Lorsqu'on lui a demandé quelle serait la prochaine étape de Poutine, Godzimirsky de l'Institut norvégien de politique étrangère a répondu: « Je pense que la Russie fera pression sur l'Ukraine pendant un certain temps, mais ensuite elle retirera une partie de ses forces de la région, car elle comprendra que l'utilisation directe de moyens militaires entraînera trop de pertes politiques sans apporter les avantages stratégiques correspondants. L'Occident a clairement indiqué que l'agression contre l'Ukraine aurait de graves conséquences sur les relations entre la Russie et les pays occidentaux, qui restent les partenaires économiques les plus importants de la Russie. »

Plusieurs pays s'efforcent désormais d'obliger les parties au conflit à désamorcer la situation de crise. Par exemple, l'Autriche, la Suisse et la Finlande ont proposé d'accueillir une réunion entre Poutine et le président américain Joe Biden, qui s'est dit préoccupé par le renforcement militaire.

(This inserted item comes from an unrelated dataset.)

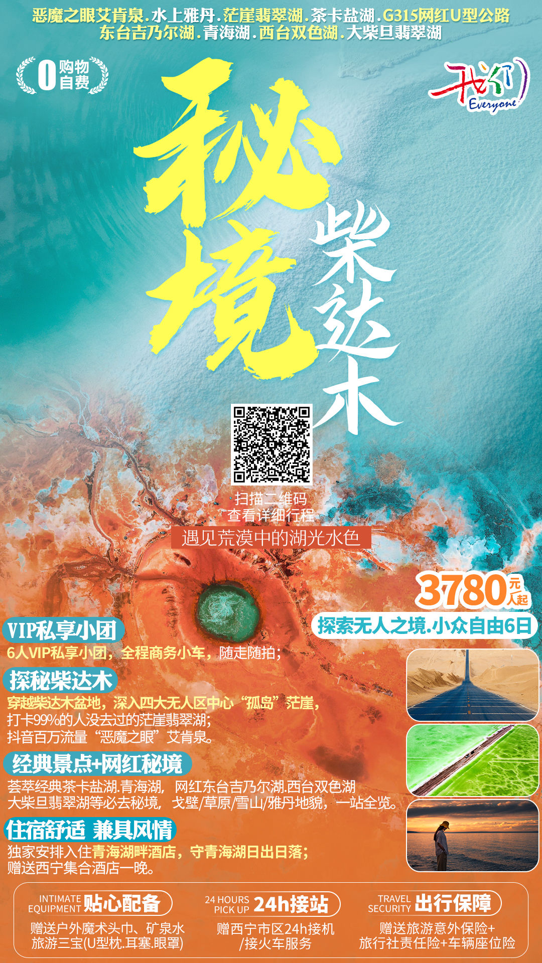 艾肯泉.水上雅丹.茶卡鹽湖.大柴旦翡翠湖.茫崖翡翠湖.東臺吉乃爾湖.西臺雙色湖.青海湖.G315U型公路5晚6天!

Dagbladet: Qu'est-ce que ce conflit a à dire sur les relations de la Russie avec les autres pays ?

Jakub Godzimirsky:Il est important pour Poutine de se montrer comme un négociateur coriace, et il exigera certainement quelque chose de Biden. Mais je pense que Biden a des cartes plus solides en stock, car les États-Unis ont mieux réparti leurs ressources. Il sera difficile pour la Russie de maintenir longtemps ces tensions ou de participer à une course aux armements avec les États-Unis, car les États-Unis ont des fonds énormes, alors que la Russie a des finances bien pires.

La Russie n'aura pas assez de puissance économique pour prendre le contrôle de toute l'Ukraine, et elle devra également tenir compte de la résistance de millions d'Ukrainiens et de la communauté internationale.